The theremin - How it works
by Max Baars
December 29, 2004
is a theater engineer with a touring opera company, living in Enschede, The Netherlands, Europe. He became enthousiastic about the theremin somewhere in 1999.
The theremin is played by carefully moving your hands near 2 antennas, one for volume and one for pitch. But how does it work? If you mix the signals of 2 rf oscillators, you will get many output signals. The most important signals are the sum and difference of both frequencies. (This principle of mixing two signals to get a 3rd one is called heterodyning.) Lets say we have one oscillator on 500 kHz and another on 501 kHz, the sum will be 1001 kHz and the difference 1 kHz. This 1 kHz is audible.
Now why would you want to use the difference from 2 rf oscillators if you only want a single audio frequency? That, has everything to do with how the theremin is played: by moving your hand near an antenna. By doing so you de-tune an LC oscillator. In an LC oscillator the frequency is determined by the value of an inductor (L) and capacitor (C). If you would connect an antenna to the capacitor, the antenna will work as an extra capacitor and so have influence on the frequency. If you move your hands near the antenna, its capacitance will change, and the frequency will change with it. These changes are, however, very small, less than 1 percent. Suppose an oscillator works on 1 kHz, the variation would only be 10 Hz. However at 500 kHz a 1% variation would be 5 kHz. Then when you mix the 500 kHz to 505 kHz oscillator with a fixed 500 kHz one, you would end up with an audiosignal of 0 to 5 kHz. This doesn't only allows us to play music, but has another advantage: its possible to make an instrument with a range of 3-5 octaves.
Now we have a variable audio tone, but it has the same volume all the time. To change that another oscillator is build. Again at a high frequency, lets say 200 kHz. And again there is a antenna connected to the capacitor in this oscillator, so its frequency will change if you wave your hand near the antenna. Now the signal of this oscillator is fed to an inductor and capacitor connected in parallel, tuned to 200 kHz as well. Such an LC circuit acts as a short circuit for frequencies other then 200 kHz.
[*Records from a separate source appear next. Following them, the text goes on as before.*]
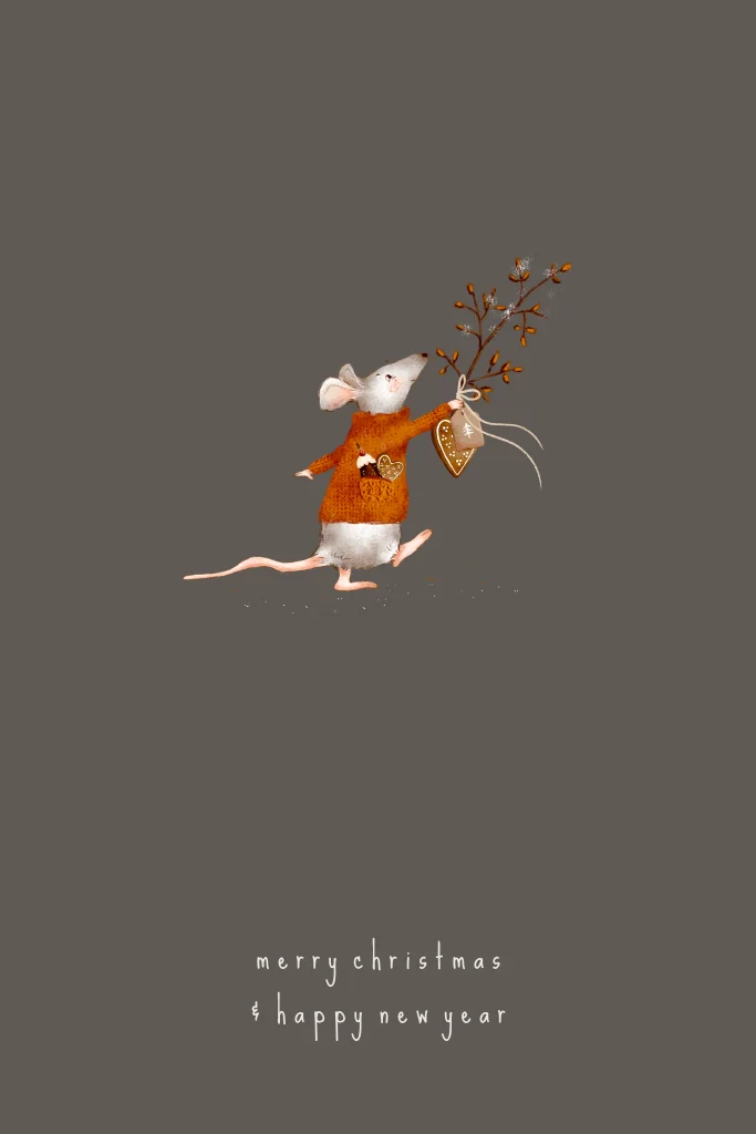 Een lieve kerstkaart met een muisje dat trots een kersttakje vasthoudt. Pas de tekst eenvoudig aan en geef de kaart een persoonlijke touch. Een lief kaartje met winterse warmte.
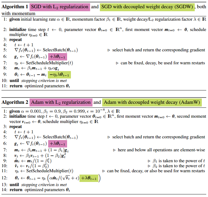 gradient based update에서 weight decay를 분리합니다. 왜 분리할까요? Adam에서 weight decay와 L2 regularization이 동일하지 않기 때문입니다.
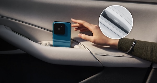 Il existe également deux emplacements de rangement pour téléphones derrière l’accoudoir central pour les passagers arrière. Ils sont proches du port de chargement et sont pratiques pour accéder et placer les téléphones.
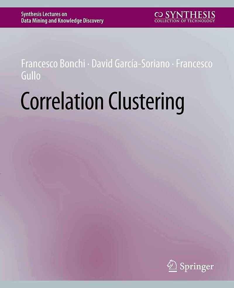 Given a set of objects and a pairwise similarity measure between them, the goal of correlation clustering is to partition the objects in a set of clusters to maximize the similarity of the objects within the same cluster and minimize the similarity of the obj...Given a set of objects and a pairwise similarity measure between them, the goal of correlation clustering is to partition the objects in a set of clusters to maximize the similarity of the objects within the same cluster and minimize the similarity of the objects in different clusters. In most of the variants of correlation clustering, the number of clusters is not a given parameter; instead, the optimal number of clusters is automatically determined. Correlation clustering is perhaps the most natural formulation of clustering: as it just needs a definition of similarity, its broad generality makes it applicable to a wide range of problems in different contexts, and, particularly, makes it naturally suitable to clustering structured objects for which feature vectors can be difficult to obtain. Despite its simplicity, generality, and wide applicability, correlation clustering has so far received much more attention from an algorithmic-theory perspective than from the data-mining community. The goal of this lecture is to show how correlation clustering can be a powerful addition to the toolkit of a data-mining researcher and practitioner, and to encourage further research in the area.
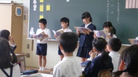 今日の長休みに、図書ボランティアの方の読み聞かせがありました。
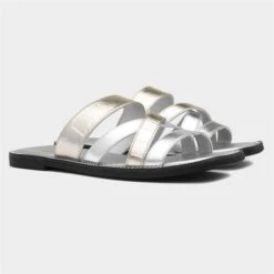 From Elle, the Oceania women’s sandals. They have a silver strappy upper with ELLE printed across the straps. They’re easy to slip on, and they have gripped outsole for stability.
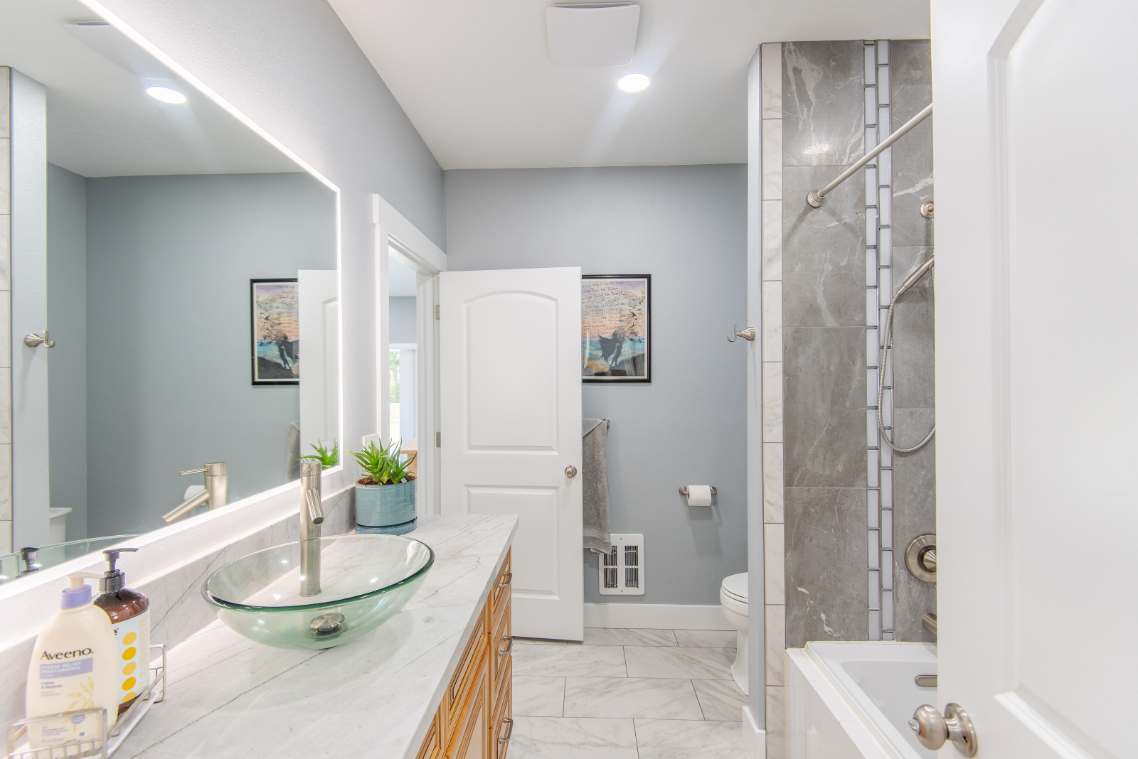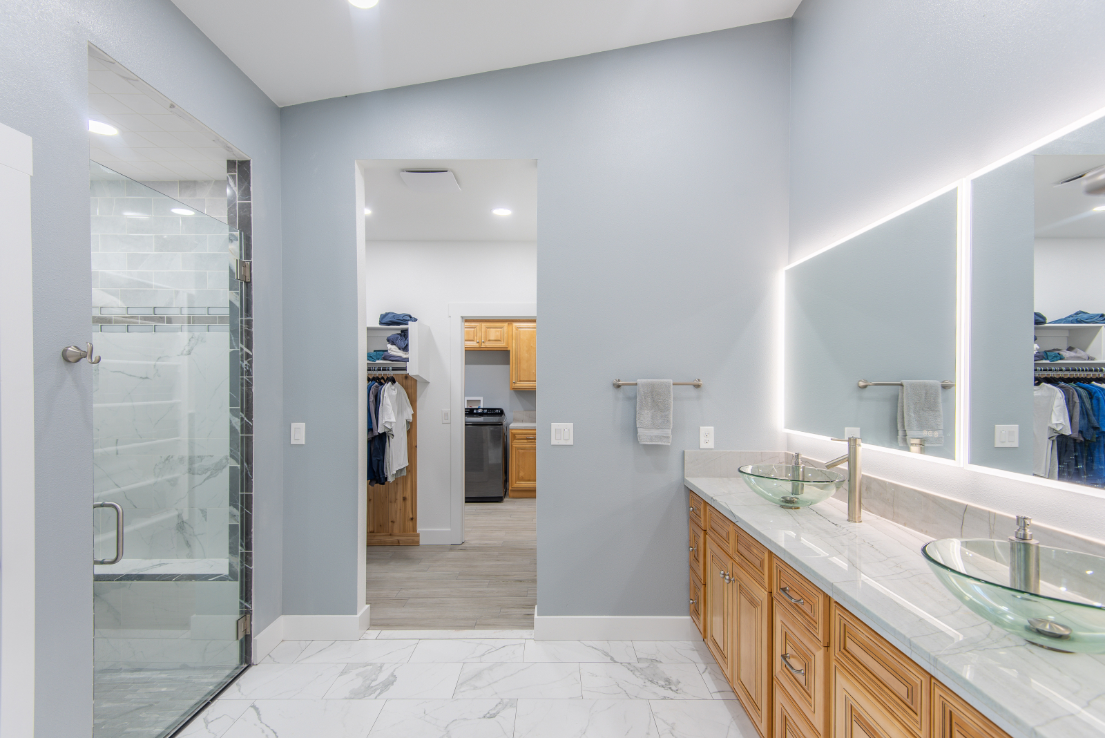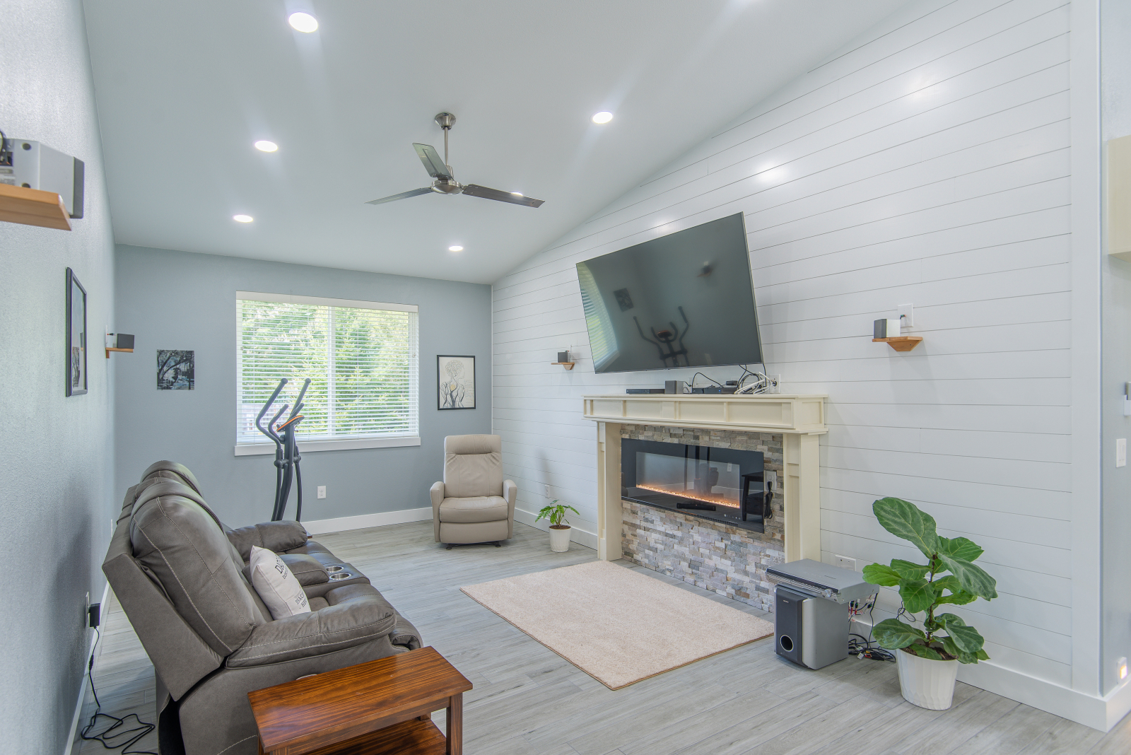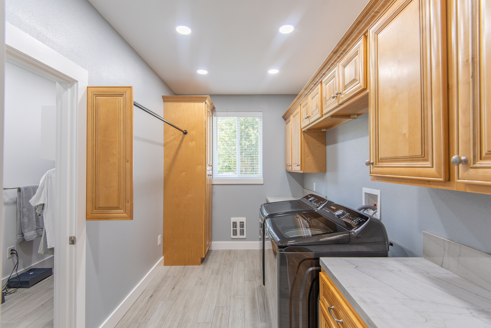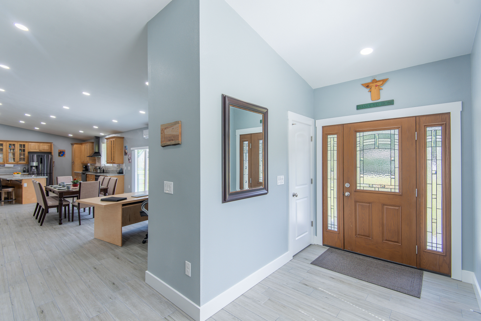 Grote slaapkamer met een kingsize bed. Logeerkamer met een queensize bed. Twee inch traagschuim topper beschikbaar voor beide bedden als een zachter bed gewenst is. Individuele mini split warmte / AC-units in de slaapkamers en grote kamer. Schoon, helder bronwater met een waterontharder en UV-licht voor een chemicaliënvrije ervaring. De hoofddouche heeft een regenkop boven het hoofd en een in de hand gehouden staaf. Surround sound en 75" televisie met elektrische fauteuils. Garage ruimte voor het parkeren inpandig. Het gastenbad heeft een bad van 6 '. Dubbele warmwaterboilers met een circulatiepomp voor ruim en vrijwel direct warm water. Een enorme keukenruimte met volledig gebruik van een van de twee koelkasten, een grote verscheidenheid aan apparaten en kookgerei.

This means that the more you de-tune the oscillator, the weaker the signal gets. This signal is then rectified and used to regulate the volume of the audio signal. This can be done in various ways.
In theory a theremin would produce a pure sine wave. Yet it often doesn't sound that way. This can have various reasons. In modern designs the audio often gets distorted on purpose to get a 'more interesting sound'. But there is another reason, especially with more traditional build theremins. As we now know the pitch oscillator contains 2 rf oscillators at nearly the same frequency. With the large, unscreened inductors in traditional theremins the radiation of both oscillators is all over the place. And for some mysterious reasons, because they nearly operate at the same frequency, the have the tendency to pull towards each other. Like they want to go operate on the same frequency. This distorts the pure sinewave and all sorts of non-harmonic signals appear. This gives a very special sound, much more interesting as simply adding distortion by clipping. If you have a modern theremin with those little screened coils in it, the effect is much less. However you can connect a small capacitor (say 1-5 pF) between both oscillators to create the same effect. Some people use a resistor (about 10k - 100k) instead. If both frequencies get very close both oscillators might actually lock on eachother. When this happends, they will operate on the same frequency, and there will be no difference frequency (audio signal). This means you will have to experiment with coupling both oscillators, if there is to much coupling your theremin might go silent below 200 Hz for example. More on theremin sound at Dave's Theremin Homepage. There are even more reasons why a theremin sounds the way it does, like the behaviour of the mixer circuit and the transformers in the audio path (of tube theremins), but those go beyond the scope of this article.
You now know how the antenna influences the frequency of the oscillator. But how can you make the influence more or less. What if the theremin only does 2 octaves and you want it to do three? Well You can build an oscillator at, say, 500 kHz with different combinations of L and C values. As long as their product remains the same. Within limits you can decrease the L and increase the C or the other way around. The antenna has a certain capacitance. This is added to the capacitance of the C in the oscillators LC circuit. The smaller the C in the circuit is, the larger is the influence of the antenna. Thus if you want to add an extra octave, you will have to decrease the C and increase the L. If you want to reduce the range, its exactly the other way around. Btw, It's not wise to go to extremes here, a large range will make it very hard to find the exact notes. Want to read more about this? See Fred Nachbaur 's site. To get a good sensitivity one has to use a small capacitor and large inductor, which has its disadvantages. Therefore another method is often used with a series inductor between the LC circuit and the antenna. More info on this (with a lot of math) is at the Brown Crow website.